**YOUR GOAL**
Give again, word for word, every line in the entries below from the line with "Nodo Antofagasta – Mirador - B. Guerrero" up to and including the line with "Avenue Caroline (Chênes verts)", and no other line.

**MATERIAL FOR THE TASK**

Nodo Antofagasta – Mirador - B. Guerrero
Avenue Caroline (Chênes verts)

...

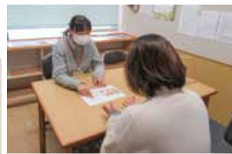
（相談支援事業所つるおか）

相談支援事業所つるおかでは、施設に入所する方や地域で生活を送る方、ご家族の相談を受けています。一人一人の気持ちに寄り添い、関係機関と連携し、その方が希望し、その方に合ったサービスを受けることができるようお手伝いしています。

**EXERCISE SOLUTION**
Nodo Antofagasta – Mirador - B. Guerrero
Avenue Caroline (Chênes verts)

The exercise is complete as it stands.